Twisted-wing insects (Strepsiptera) present a small group of parasitic insects with about 600 described species worldwide (Pohl and Beutel, 2005, 2008). The females of the vast majority of species (Stylopidia) are endoparasites of various insects, including cockroaches, praying mantises, crickets, bugs, cicadas, wasps, bees and ants. Modified forewings resembling halteres of flies, fan-shaped hindwings, and ‘raspberry’ compound eyes are striking features of the males (Pix et al., 1993; Buschbeck et al., 1999). Females are always wingless and free-living only in the most basal extant Mengenillidae.
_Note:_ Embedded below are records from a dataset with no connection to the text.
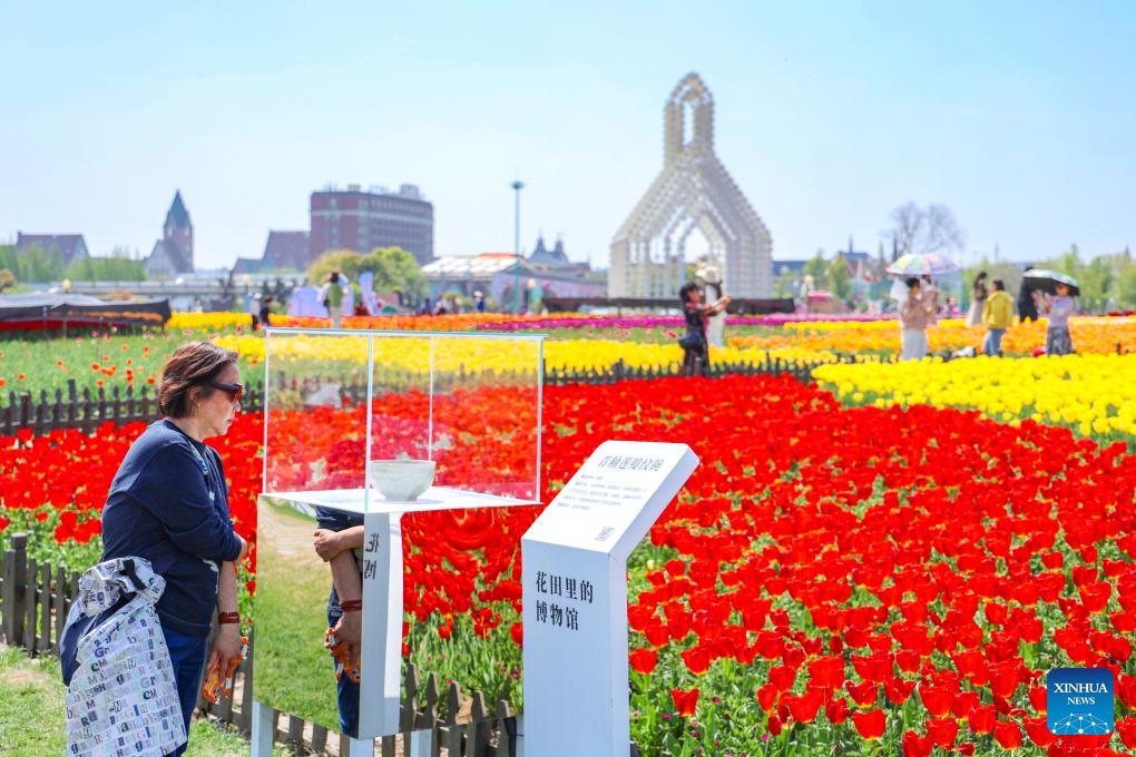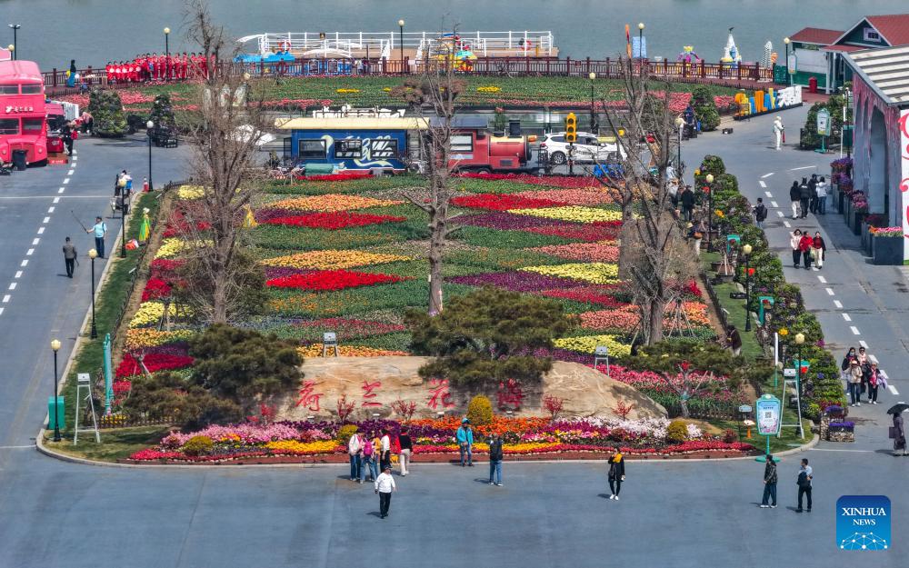 Tourists enjoy leisure time amid blooming flowers at Holland flower park in Yancheng, east China's Jiangsu Province, April 15, 2026.
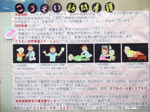 | H23.8.16 | 【こういえい訪問看護ステーションからのお知らせ】 お知らせしていました在宅介護サービス啓発事業を15日から市立加西病院で開催中です。パネルで案内していますが分からないことやお困りのことがありましたら、加西市内だけでなく近隣の地域まで訪問しますのでご連絡ください。 |
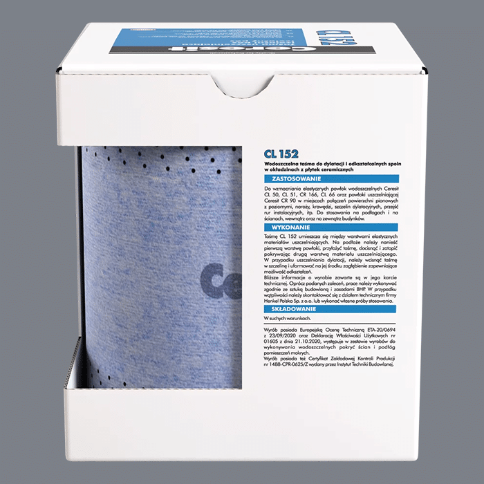 CERESIT® CL 152 je zaptivna, vodootporna traka pogodna za dilatacijske i deformirane spojeve između keramičkih pločica. CL 152 se preporučuje za upotrebu u zatvorenom i na otvorenom u vlažnim prostorima. Otporna je na napetost i hemikalije, jednostavna za upotrebu i super fleksibilna. Koristi se za primjenu u kuhinjama, balkonima i terasama.
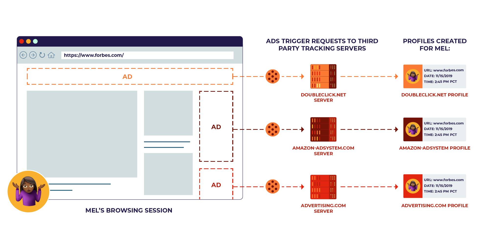 Browsers are the primary way most people interact with the Web. Each time you visit a website, code on that site may cause your browser to make dozens or even hundreds of requests to hidden third parties. Each request contains several pieces of information that can be used to track you.
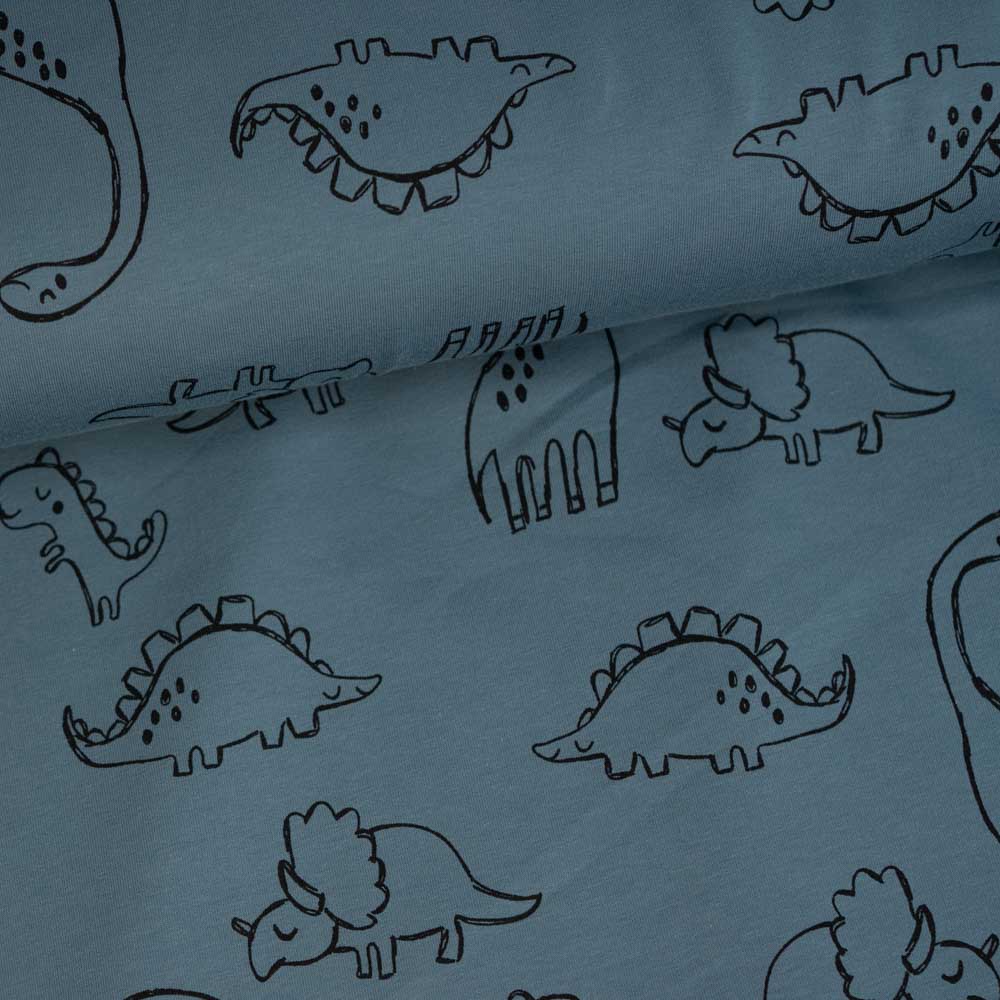 French Terry Sweat Dinos jeansblau

In contrast, females of Stylopidia (∼97% of the species) are legless and extremely simplified morphologically: they expose only the sclerotized cephalothorax from the host's abdomen (Kinzelbach, 1971; Pohl and Beutel, 2005). Therefore, during mating, the males of the Stylopidia must anchor themselves to the host with their tarsi. This is the reason why males of the Stylopidia, in contrast to those of the Mengenillidae with free-living females, have specialized adhesive hairs on the ventral surface of their tarsi. The most elaborated adhesive structures are found in Stylopidae and Xenidae. Both groups are parasites of fast flying Hymenoptera (Aculeata). Stylopidae and Xenidae have four-segment tarsi. The tarsomers are distally elongated and their ventral side is occupied by a very dense layer of spatulate (Paraxenos, Stylops) or fork shaped (Xenos) microtrichia (Pohl and Beutel, 2004). The species studied in this paper, Stylops ovinae Noskiewicz and Poluszyński 1928 (Stylopidae) (Fig. 1), is a parasite of Andrena vaga Panzer 1799 (Hymenoptera, Andrenidae). Interestingly, stylopized individuals of A. vaga have a much denser coat on their abdomen than uninfested individuals (Brandenburg, 1953; Ulrich, 1956) (Fig. 2).

Fig. 1.

Adult male Stylops ovinae. (A) Lateral view. SEM of (B) prothoracic leg in ventral view and (C) adhesive microtrichia on tarsomere 2. (A modified from Pohl and Beutel, 2013; B,C modified from Pohl and Beutel, 2004). Scale bars: 1 mm (A), 100 µm (B), 10 µm (C).

Fig. 1.

Adult male Stylops ovinae. (A) Lateral view. SEM of (B) prothoracic leg in ventral view and (C) adhesive microtrichia on tarsomere 2. (A modified from Pohl and Beutel, 2013; B,C modified from Pohl and Beutel, 2004). Scale bars: 1 mm (A), 100 µm (B), 10 µm (C).

Fig. 2.

Hairiness of the tergites of the abdomen of uninfested and stylopized female Andrena vaga. (A) uninfested and (B) stylopized host insect. Scale bar: 1 mm.

Fig. 2.

Hairiness of the tergites of the abdomen of uninfested and stylopized female Andrena vaga. (A) uninfested and (B) stylopized host insect. Scale bar: 1 mm.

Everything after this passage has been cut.